-- DESCRIPTION OF THE TASK --
Output exactly, in the material below, the lines from the one with "0,809361966 | 0,011776762 |" through the one with "В одних школах". Omit all pictures.

-- DATA EXCERPTS --
■ ■ ■

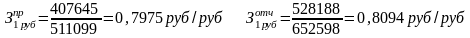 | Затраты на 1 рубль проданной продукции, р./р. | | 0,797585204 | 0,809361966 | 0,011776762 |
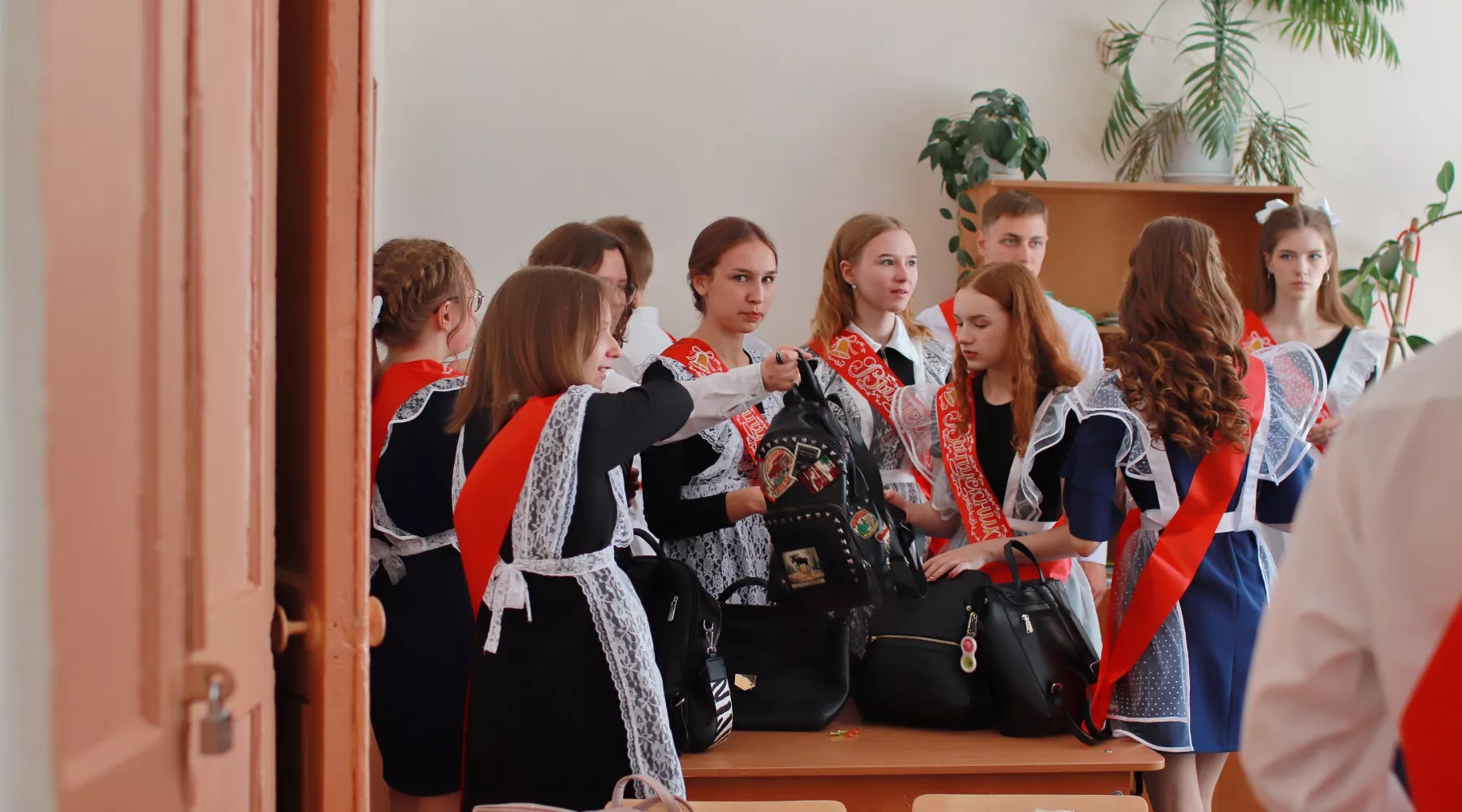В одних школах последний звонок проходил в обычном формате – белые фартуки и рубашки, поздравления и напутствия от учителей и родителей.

■ ■ ■

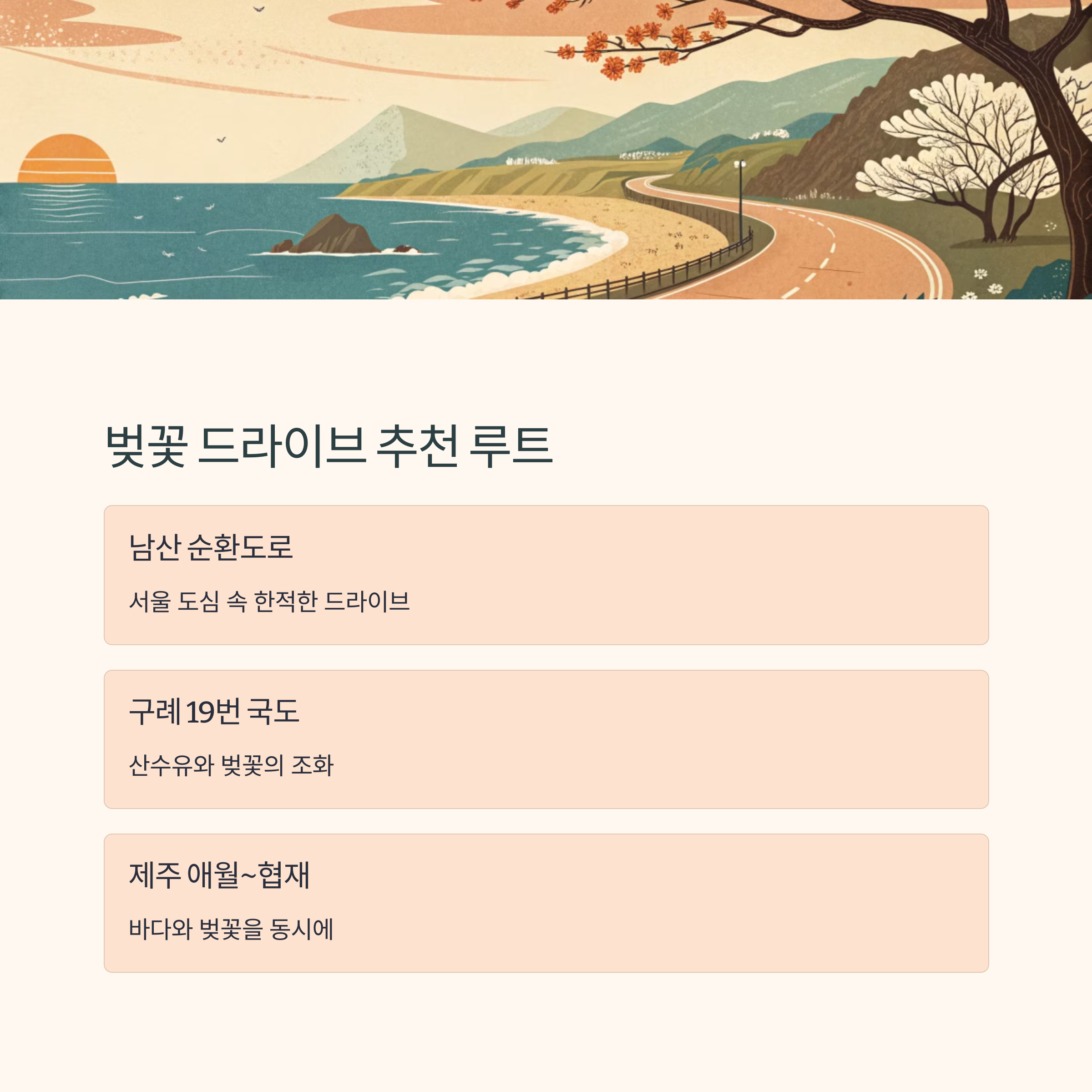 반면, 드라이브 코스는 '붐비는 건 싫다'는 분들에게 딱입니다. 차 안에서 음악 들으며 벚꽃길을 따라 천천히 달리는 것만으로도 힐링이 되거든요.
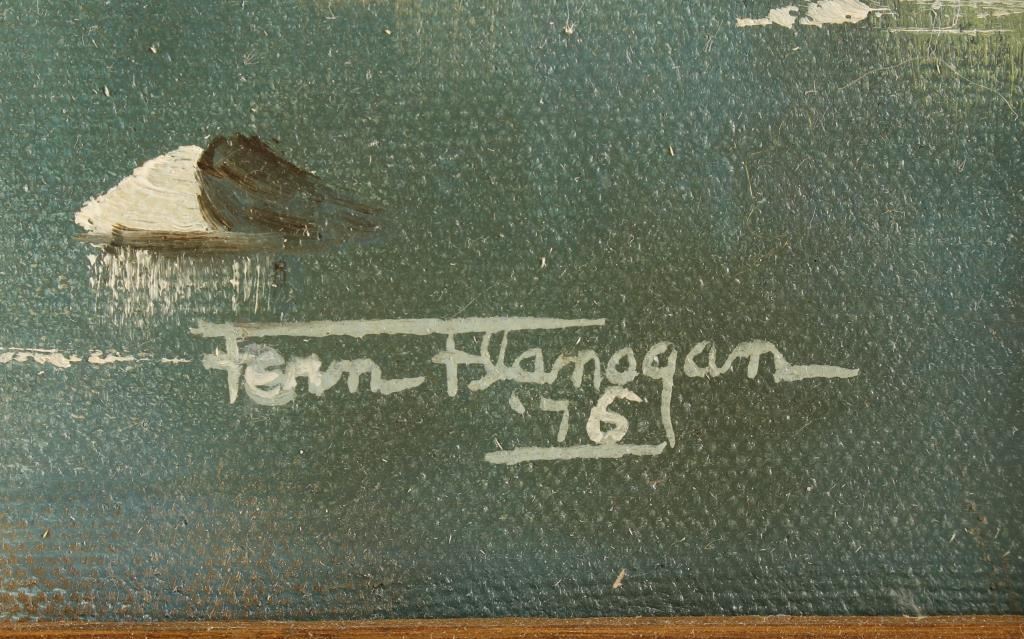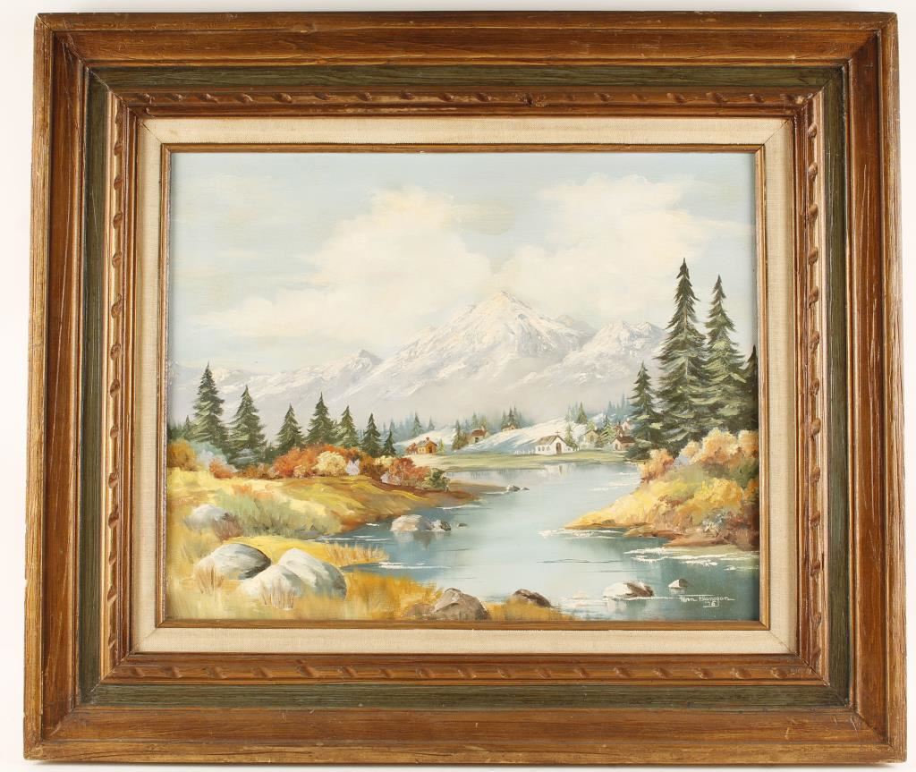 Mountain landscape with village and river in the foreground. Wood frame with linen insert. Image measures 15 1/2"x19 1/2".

■ ■ ■

-- SOLUTION --
 | Затраты на 1 рубль проданной продукции, р./р. | | 0,797585204 | 0,809361966 | 0,011776762 |
В одних школах последний звонок проходил в обычном формате – белые фартуки и рубашки, поздравления и напутствия от учителей и родителей.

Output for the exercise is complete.